__Task item__: Print every line from the start of the data, and when you reach the line with "Figura 4 Espaço", include it and stop. Pictures are not part of the copy.

Excerpts from a dataset
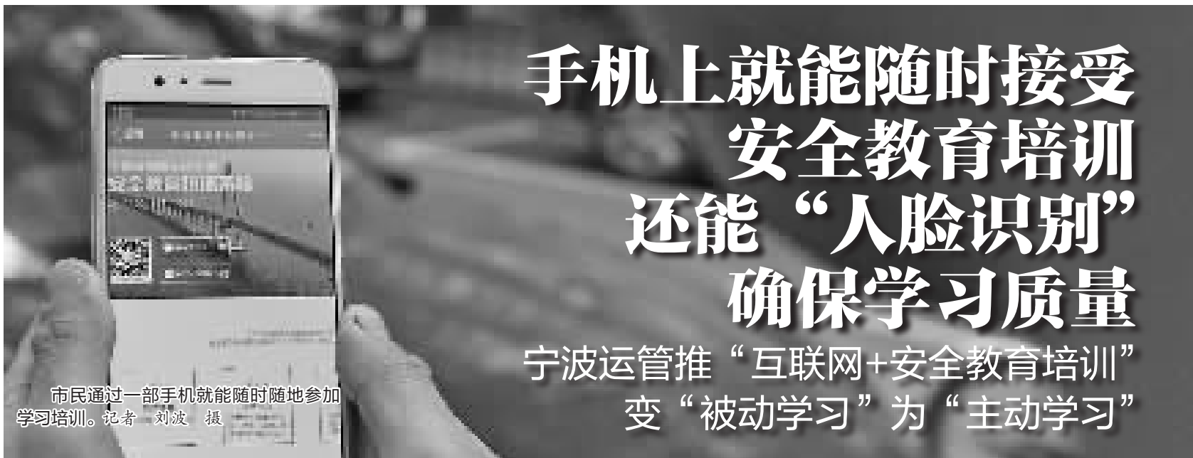
市民通过一部手机就能随时随地参加学习培训。

道路运输企业开展对员工的日常安全教育培训是依法履行安全生产管理主体责任、提高企业安全生产水平的一项基础性保障工作。
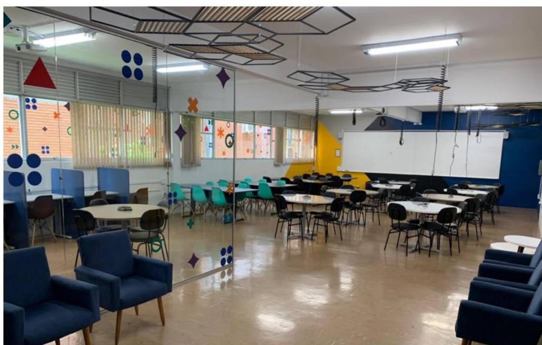
Figura 4 Espaço do Conhecimento Compartilhado – Campus Professor Edison Villela (Itajaí) – Setor B6

O espaço é composto por 4 mesas retangulares (com 6 cadeiras cada), 10 mesas redondas (com 4 cadeiras cada), 6 áreas de estudo individual, 2 lousas, 2 projetores multimídia, 1 antena wifi, 2 condicionadores de ar e quantidade de tomadas correspondente à capacidade de ocupação.
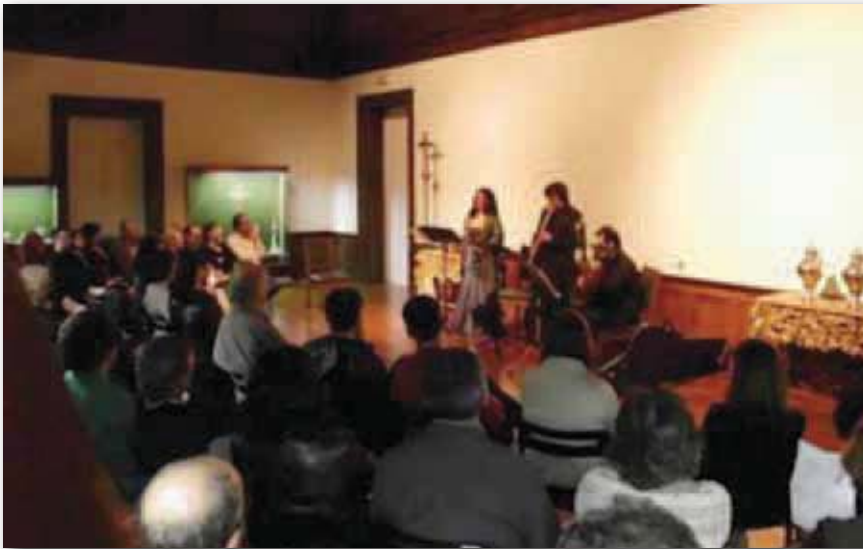
Primera edición "Comassos da História 2012" en el Museo de Lamego
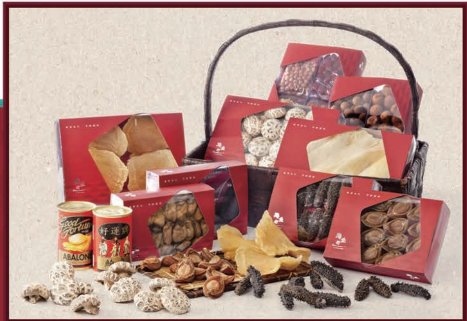
本公司專營直接原產地進口，地球牌魚凍環球海產，鴻運牌日本乾鮑、曬鮑、鮑參翅肚、參茸燕窩。
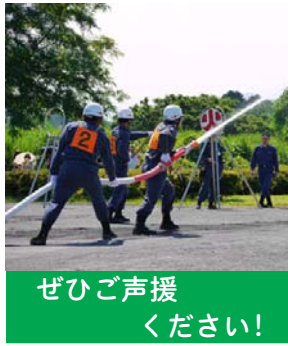
ぜひご声援ください!

半世紀以上の歴史を持つ審査会にお越しくください。日時 5月27日(日)午後0時30分 場所 多摩川中央公園
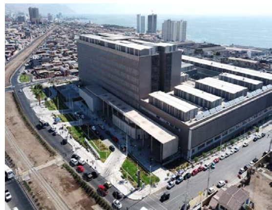
Hospital Regional de Antofagasta
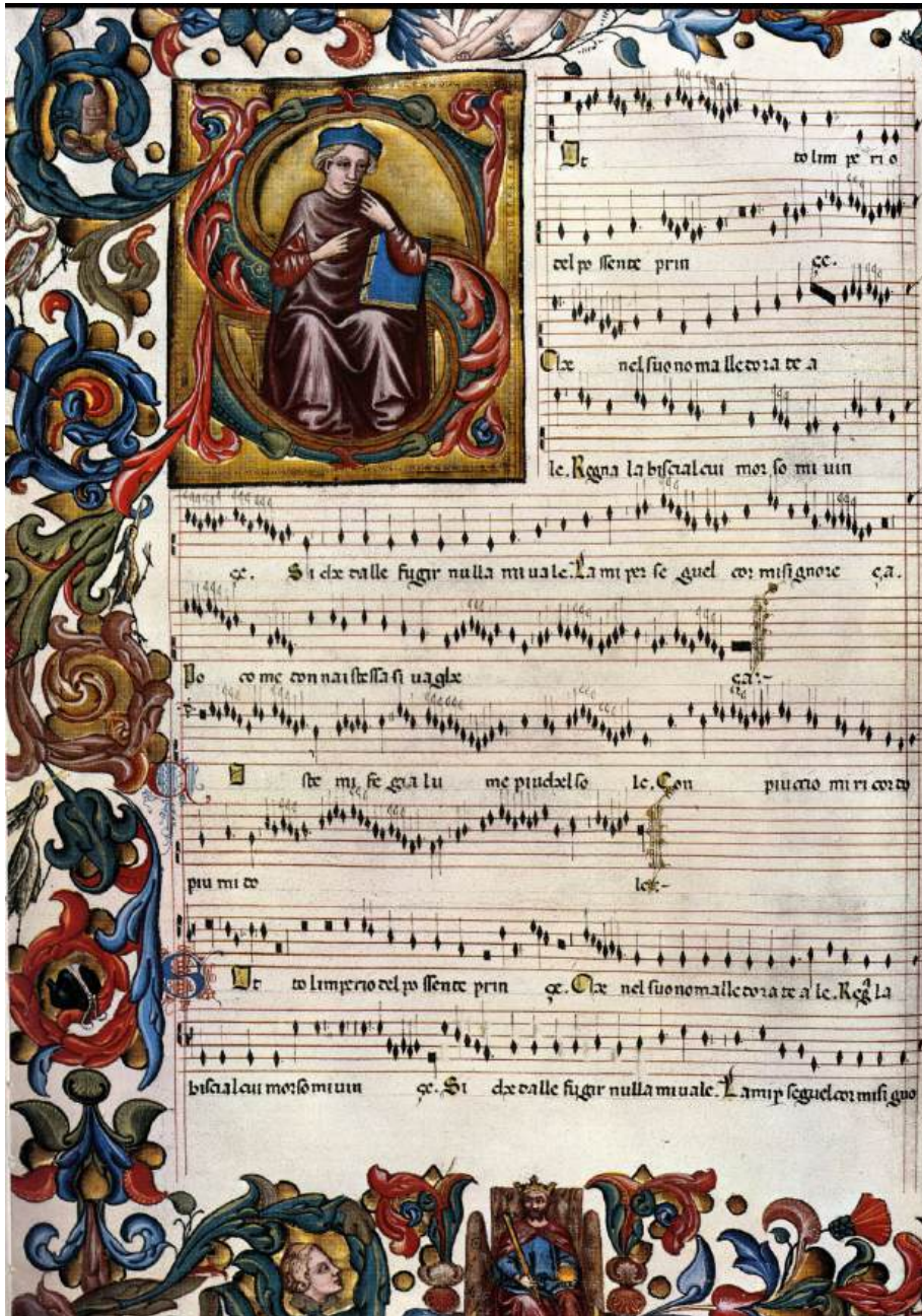
Figura 5. El Ars Nova. Códice Squarcialupi. Biblioteca Laurenziana de Florencia. Siglo XVI.
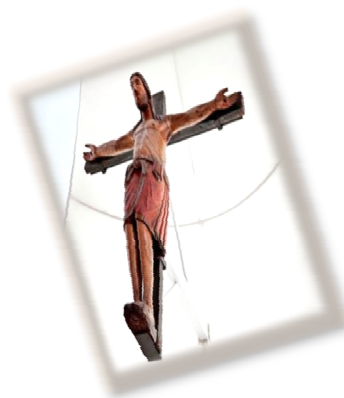
Cattedrale Santa Maria Maggiore Crocifisso Normanno (Sec. XII)
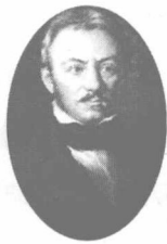
与清政府签订《南京条 约》的驻华大使，也是 首任香港总督的璞鼎查
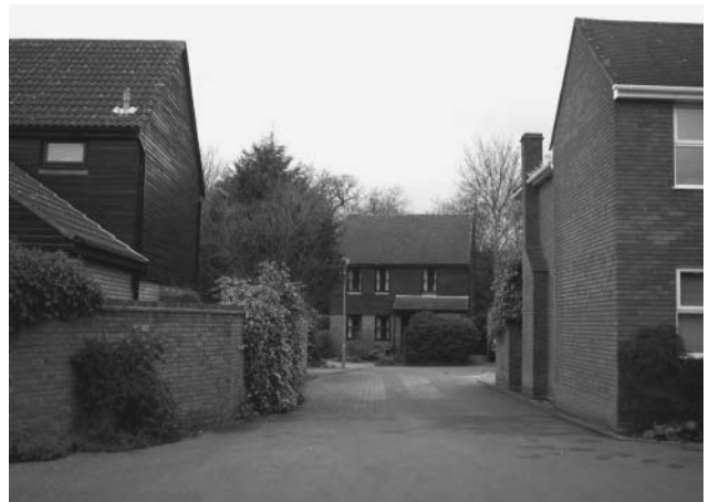
写真2 クルドサックの入口から領域性の高い中庭部分をのぞむ。（ブレントウッド・プレイス）

__Written answer__:
市民通过一部手机就能随时随地参加学习培训。

道路运输企业开展对员工的日常安全教育培训是依法履行安全生产管理主体责任、提高企业安全生产水平的一项基础性保障工作。
Figura 4 Espaço do Conhecimento Compartilhado – Campus Professor Edison Villela (Itajaí) – Setor B6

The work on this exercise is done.